Let’s say I stood up my infrastructure successfully and loaded data into ElasticSearch and ClickHouse from release X.0. When release X.1 is published, I only want to import the data that we can refer to as the delta between release X.1 and X.0:

Delta = X.1 - X.2

This would reduce the compute (and therefore, financial burden) on the data consumer and support refreshes as new releases are published.

Are there any recommendations for how to approach this use case? Does BigQuery provide any tooling that can be leveraged to support the use case? Even something like transaction logs for the source table would maybe be helpful in identifying new/changed rows (that brings me to the realization that the equation I posted above doesn’t account for existing rows that are updated- if there is such a thing).

Thanks for your help!

Cole

Good morning!

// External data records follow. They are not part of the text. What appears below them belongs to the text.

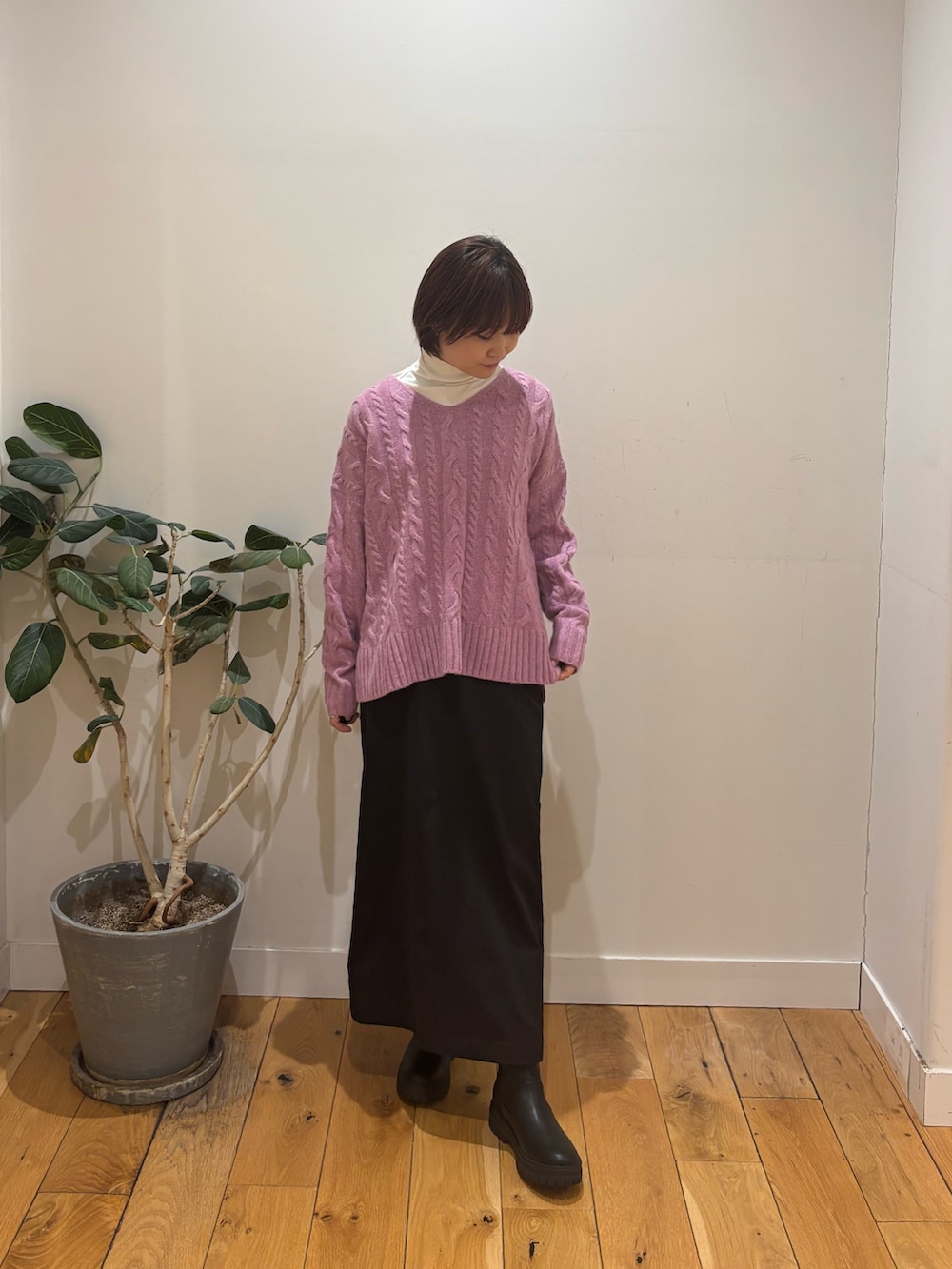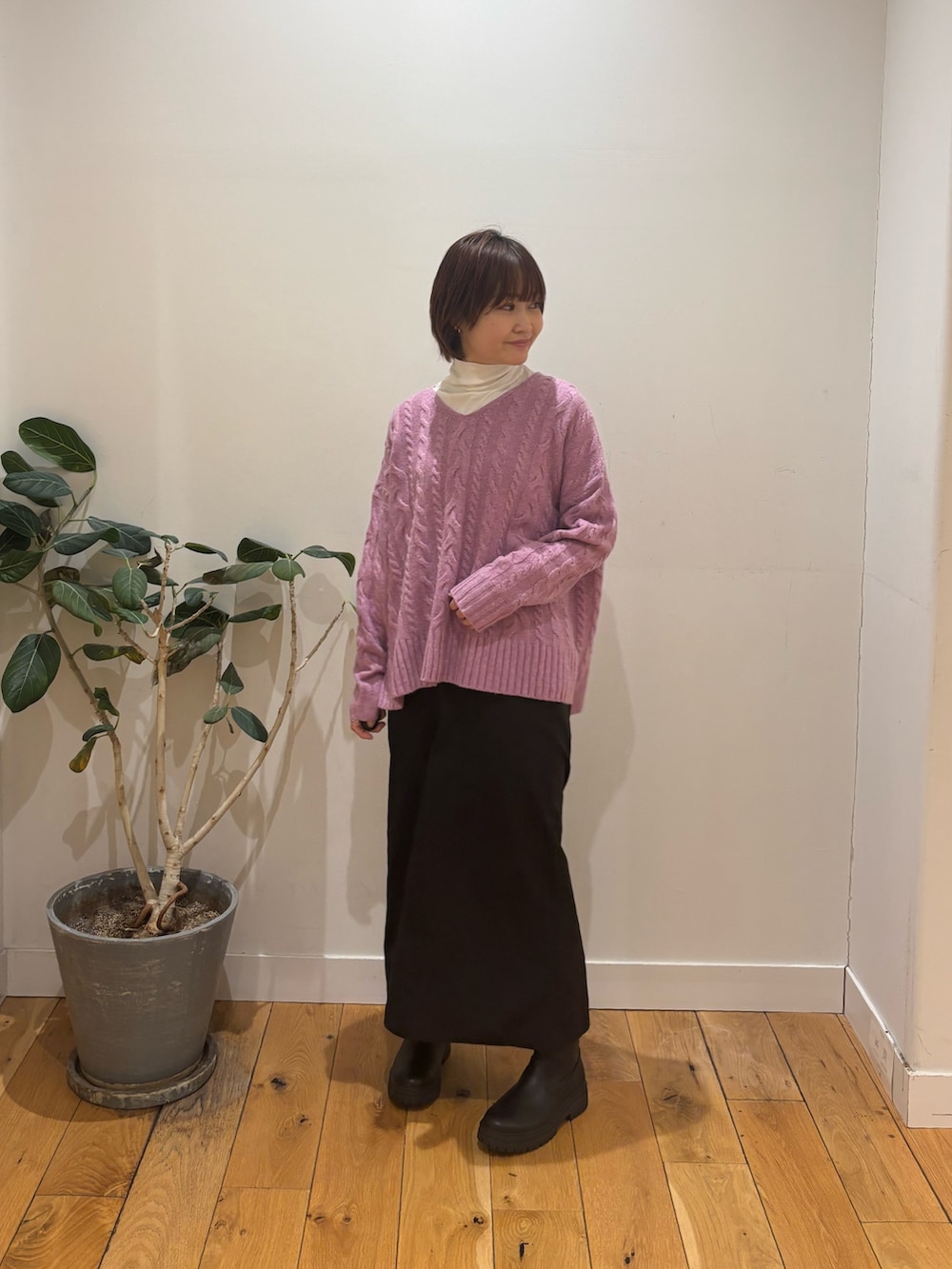 エカルのスカートは軽さがあり重い印象になりがちな冬のアイテムを和らげてくれますよ☻
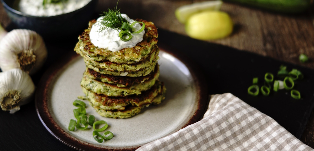Die Puffer zubereiten: dazu Zucchini auf der feinen Seite der Reibe reiben, in einem feinen Sieb so gut ausdrücken wie möglich. Je trockener die Raspel sind, desto besser gelingen die Puffer.
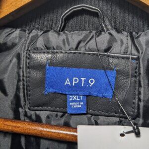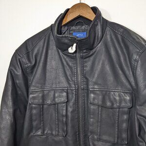 NWT Apt. 9 Men's Faux Leather Bomber Jacket Black Pockets size 2XL Tall
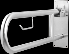 OPERATION : Swing-up grab bar is manually raised for approach or departure and lowered to horizontal position for support; once grab bar is raised to the full upright (vertical) position, counterweighted design prevents grab bar from falling back down to the full horizontal position.
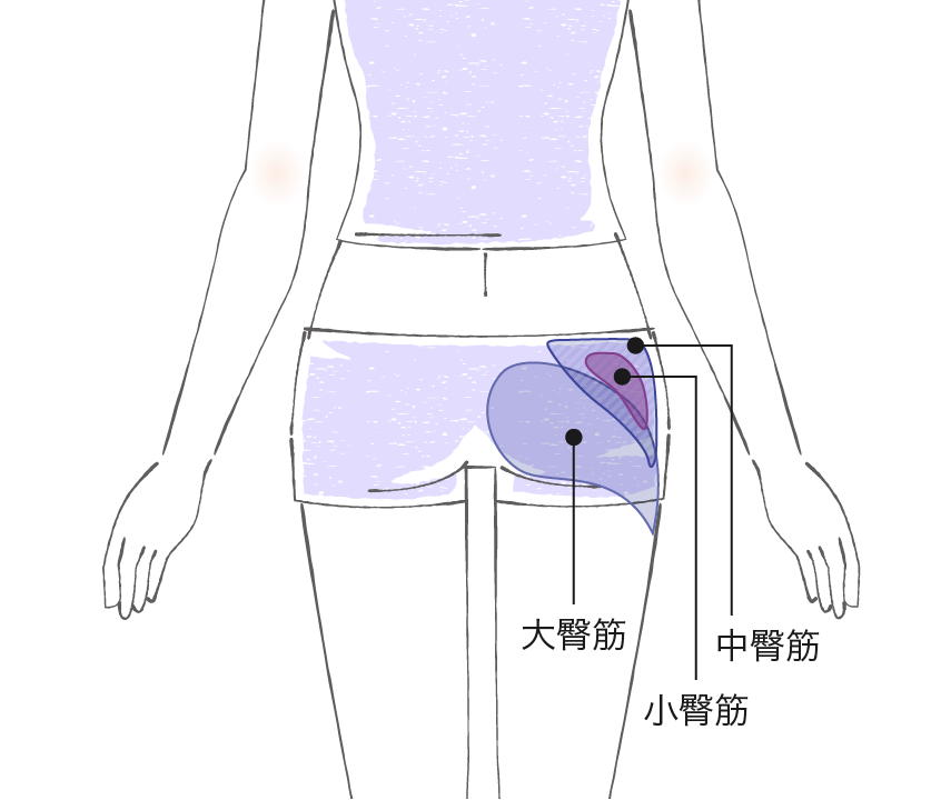 お尻の筋肉は大臀筋、中臀筋、小臀筋という臀筋群と言われるものと、深層にある所謂インナーマッスルにより構成されます。それぞれ役割があり、お互いが相互に作用する事でお尻の筋肉を使う事ができます。
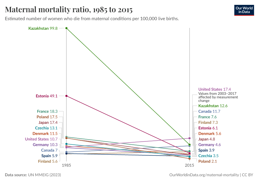 UN MMEIG (2023) – processed by Our World in Data. “Maternal mortality ratio” [dataset]. UN MMEIG (WHO, UNICEF, UNFPA, World Bank Group and UNDESA/ Population Division), “Trends in maternal mortality 2020” [original data]. Retrieved February 24, 2026 from https://edit-mdim.owid.pages.dev:8789/20260119-065148/grapher/maternal-mortality-slope-chart.html (archived on January 19, 2026).
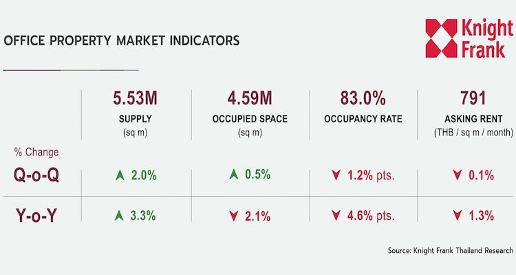 อัตราการครอบครองของตลาดลดลง 1.2% เป็น 83% ซึ่งเป็นอัตราการครอบครองที่ต่ำที่สุดของตลาดในช่วงทศวรรษที่ผ่านมา และเป็นไตรมาสที่ 9 ที่อัตราการครอบครองลดลงติดต่อกันอย่างต่อเนื่อง โดยเปรียบเทียบแล้ว อัตราการครอบครองเฉลี่ย 10 ปีอยู่ที่ 90% พื้นที่ทุกเกรดในตลาดอาคารสำนักงานยังคงมีผลประกอบการต่ำกว่าค่าเฉลี่ยระยะยาวของแต่ละเกรด แต่ที่น่าสนใจคือในขณะที่อัตราการครอบครองลดลง 1.5% สำหรับเกรด B และ 1.8% สำหรับเกรด C แต่กลับเพิ่มขึ้น 0.3% สำหรับเกรด A การเก็บค่าเช่าสำหรับพื้นที่เกรดA ที่ลดลงอาจเป็นปัจจัยดึงดูดผู้เช่าบางราย เพราะเป็นการเพิ่มความสามารถในการใช้จ่ายที่มากขึ้นของผู้เช่าที่ต้องการพื้นที่คุณภาพสูง
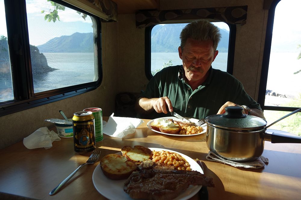 Ein perfektes Boondocking Plätzchen?. Herrlich, Werner muss immer für das Essensfoto herhalten?. Wie oft ich ihn schon im Laufe der Jahre mit Messer und Gabel gesehen habe?. Warum esst ihr eigentlich nicht draußen?
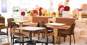 — есть попытка отделить пространство для еды от магазина косметики, например тумбами с цветами, но автономия все равно не выходит.
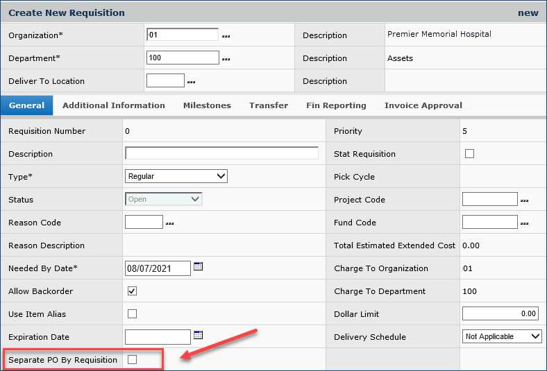 Note: The system will not create a purchase order for a vendor-designated "separate PO by department" item when an asset location itself is the requisitioning Department.

Just reaching out to see if anyone has any recommendations for addressing this use case. Are others working through similar issues? Anyone have any lessons learned?

Do we know if there are any intentions of including something like a “last updated” field for some of the major entities in the datasets?

In the core team, we are not actively working on any incremental changes. We considered it in the past but the risks and cost of it seem to outweigh the benefits. Particularly for the Platform in which the data is relatively lightweight and the ETL processing/ingestion is not that heavy. The Genetics Portal is a different story as ETL and ES/CH data load is a lot heavier, but at the moment we think there are several streamlining steps that would precede such effort.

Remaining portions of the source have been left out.